今思えば、20分戻れば事務所でゆっくりメールを見られたのかもしれない。
けれど、違うのだ。
その場でやることに意味があったのである。
“その場所で仕事ができる”ことより、“その場所を仕事場にする”ことの喜びがあった。
公衆電話の上で、雑踏の中に居場所をつくる感覚。それが、自分にとっての最初のノマドだった。

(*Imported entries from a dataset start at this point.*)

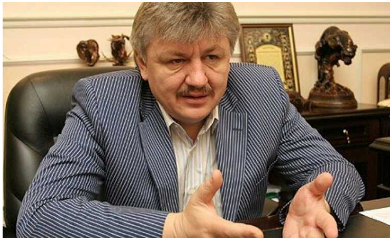
Сівковичу висунули підозру у держзраді

Повідомлено про нову підозру колишньому заступнику секретаря Ради національної безпеки та оборони України Володимир Сівковичу у вчиненні державної зради (ч. 1 ст. 111 КК). Про це повідомляє Офіс Генпрокурора.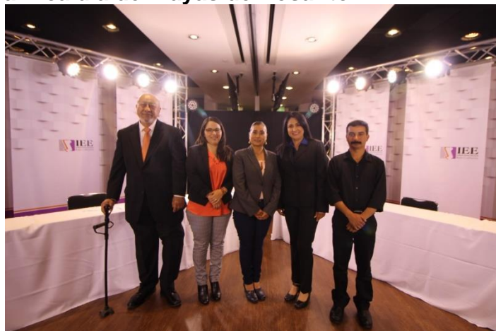
Candidatos y Candidatas asistentes al Debate a la Alcaldía de Tecate. Instalaciones de CETYS Universidad, Campus Mexicali. Mexicali, Baja California, a 17 de mayo de 2019.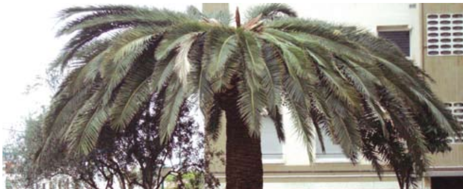
Una de les palmeres afectades pel morrut.

A mitjan novembre, es van detectar a Llavaneres els dos primers casos de la plaga del morrut de les palmeres que afecta la comarca del Maresme des de la tardor de l'any passat. En ambdues ocasions, els veïns afectats van posar-se en contacte amb els Serveis Tècnics Municipals, que després d'una primera inspecció van sol·licitar la visita d'experts en la matèria. De l'eradicació de la plaga, se'n fa càrrec el departament d'Agricultura, Ramaderia i Pesca (DARP) de la Generalitat, a través de l'empresa Forestal Catalana. La conseqüència d'aquesta plaga és que quan una palmera resulta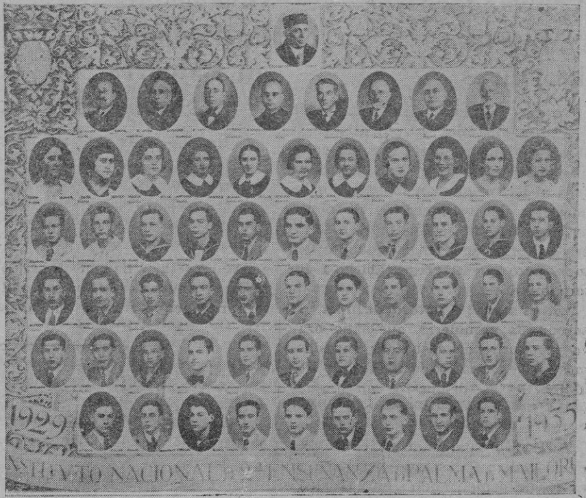
Los nuevos bachilleres del 1935. — cuadro de ritual con el Director y Catedráticos de nuestro Instituto

NOTA. —Para tomar parte en las carreras anunciadas en este programa.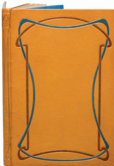
1. Belgische boekband in art nouveau-stijl, ontworpen door Henry Van de Velde en uitgevoerd door Paul Claessens in 1901 op VERHAEREN, Petites légendes (Brussel: Deman, 1900). Schenking, 2010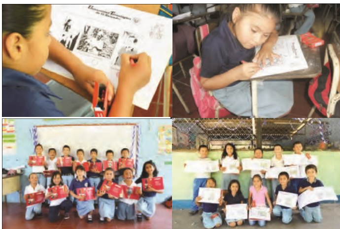
Figura 5. Proceso de difusión y socialización de los resultados con los estudiantes de primer ciclo de los centros de estudio municipal. Fotografía, tomada, por Carlos Osegueda y Luis Roberto Pérez (2015).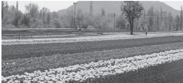
ಹೂತೋಟದ ಅಂದವ ಚಿತ್ರ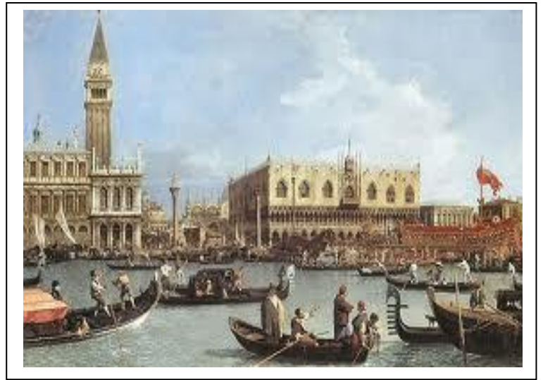
Piazzetta vers le Môle 1740- 1745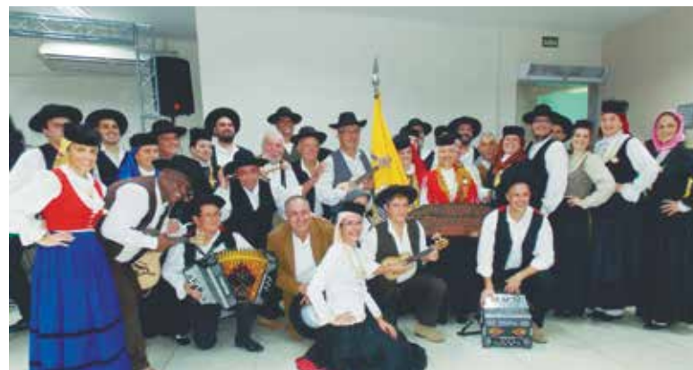
Linda imagem dos componentes do R.F. Arouca Barra Clube, no almoço churrasco na Casa de Espinho onde proporcionaram grandes momentos Regionais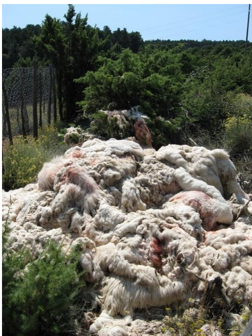
Slika 4. Ostavljena vuna u prirodi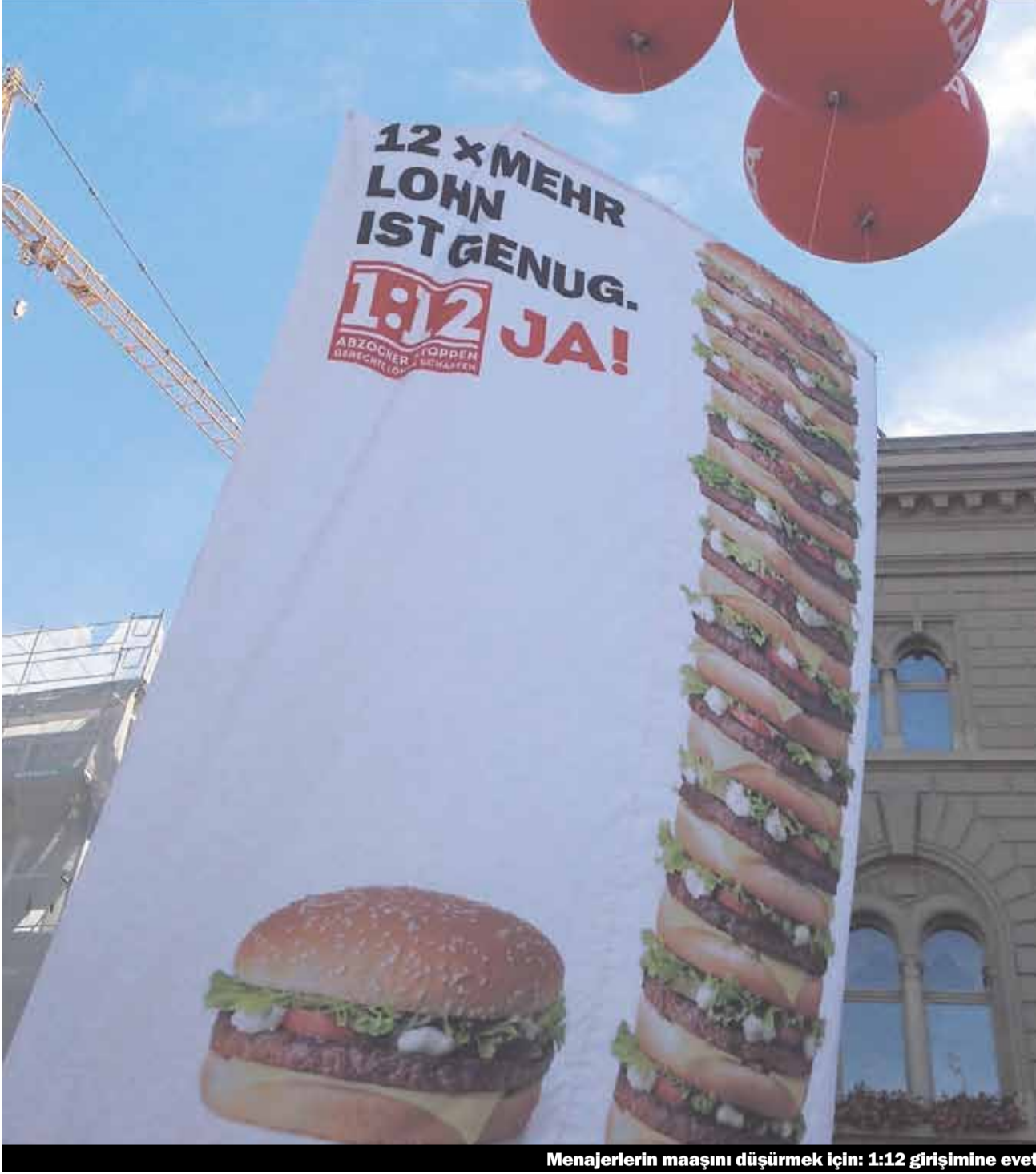
Menajerlerin maaşını düşürmek için: 1:12 girişimine evet

24 kasımda üç girişim için oy kullanılacak. Genç sosyalistlerin talebi olan 1:12 girişimi kasım ayında halk oylamasına sunulacak. Eylül ayında yapılan halk oylamalarının bir kaçını kayıp ettik: Züriç'te göçmenlere seçme hakkı talep eden girişim büyük bir çoğunluk tarafından reddedildi. Benzin istasyonlarının açık olma süresinin uzatılmasını talep eden girişim kabul edildi. Alışveriş merkezlerinin açık olma saatlerinin serbestleştirilmesi tartışması devam edecek.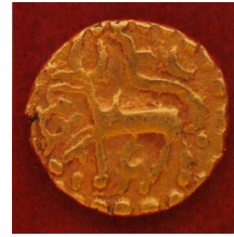
Kijang Emas Kelantan Kurun ke-14

Sumber: Hakimi Ibrahim (2004), “History of the Gold Dinar and its Philosophy”, (Kertas Kerja Bengkel Dinar Emas , Bangi: UKM, pada 30 Julai 2002)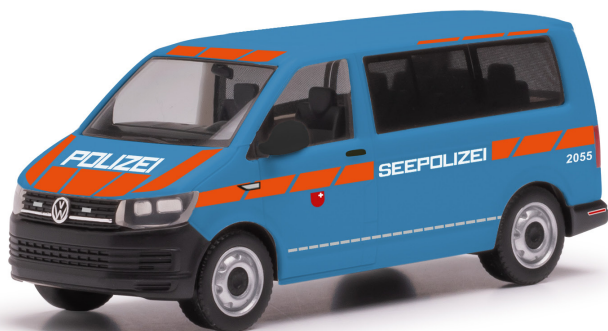
VW T6 Transporter Seepolizei Schwyz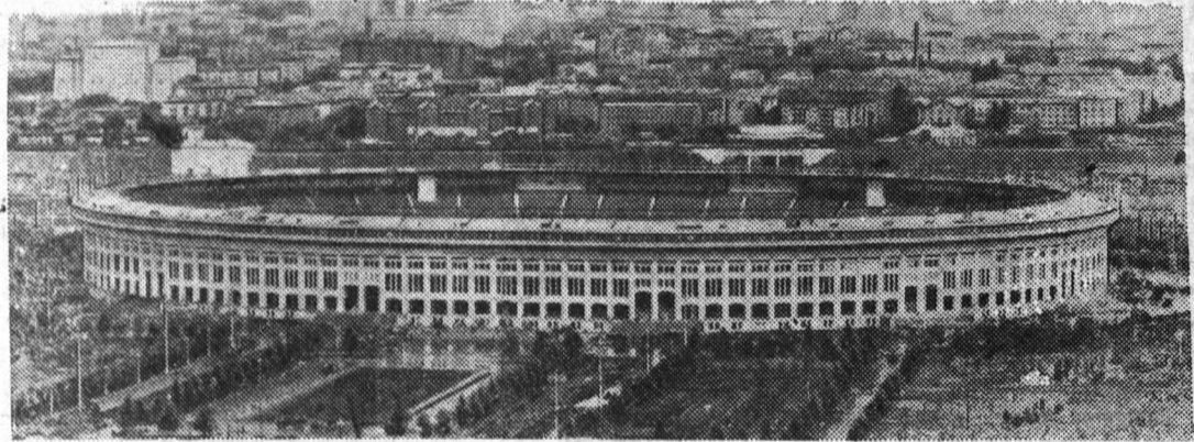
Москва. Центральный стадион в Лужниках. Большая спортивная арена.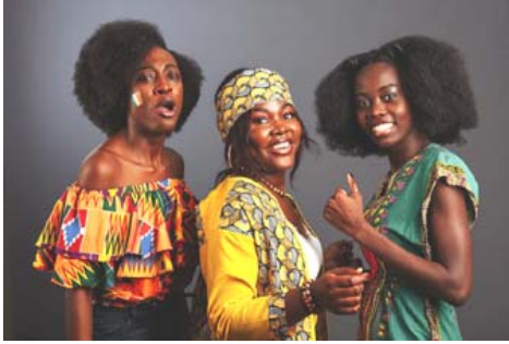
- प्रतीक डेस्क (एजेन्सीको सहयोगमा)

मानव अधिकार समूहका अनुसार कोभिड महामारीपछि किशोर युवतीहरू ठूलो सङ्ख्यामा गर्भवती भएका थिए र त्यसपछि उनीहरूले विद्यालय छाडेका थिए।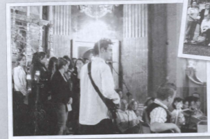
L-ewwel min sensjela ta' quddies taż- zghażaġh ghaż-zghażaġh organizzata mill-grupp 23four kull l-ewwel Hadd taħ- xahar – 02.10.2005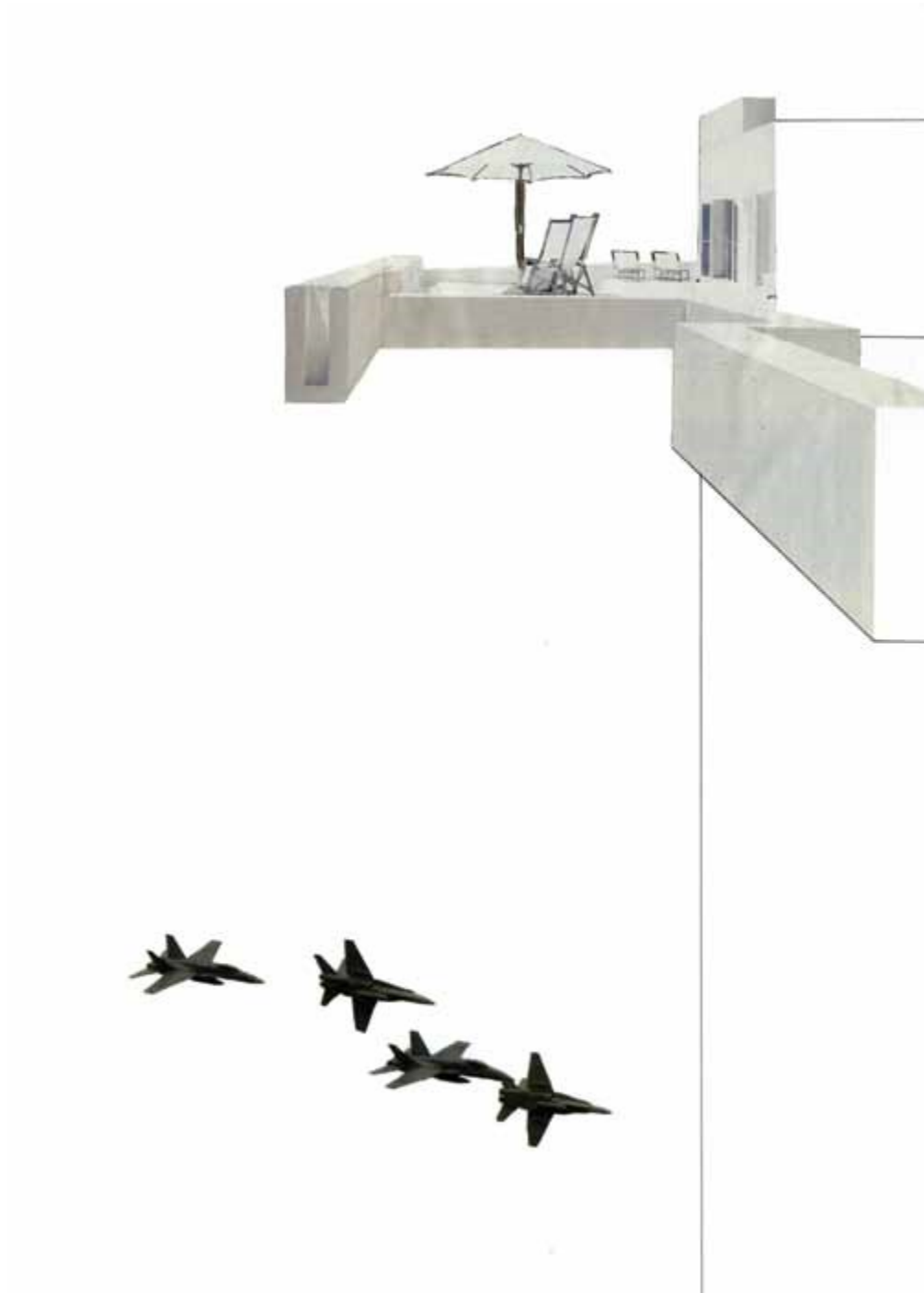
Echeverría, C. (2013) [collage]

今、車中泊で仕事をしている。カフェもホテルもある時代に、わざわざ軽バンで、狭い車内でノートを開く。
また言われる。「そんな不便なところで、なぜ?」と。
でも、それもまた、違うのである。
“どこでも仕事ができる”を、身体で味わっていたいのだ。
あの頃の公衆電話の上と、今の車中泊は、根っこがつながっている。
場所に意味を持たせるのは、自分である。その意志が、どこでも仕事場に変えてくれる。
MacBook 2400c。エモパーの羊。ISDN。
あの頃の相棒たちは、もう手元にはない。でも、あのときの「やってみたい」「やれるかも」という気持ちは、今もここにある。
そして、今はAIがそばにいる。
AIで効率を上げるのではない。AIと一緒に、”仕事を創る”時代にいるのだ。
あの日の通信音が、ふと風に混じって聞こえることがある。
確かに、あの公衆電話の上に、小さな芽が咲いていた。
今、それを持って旅をしている。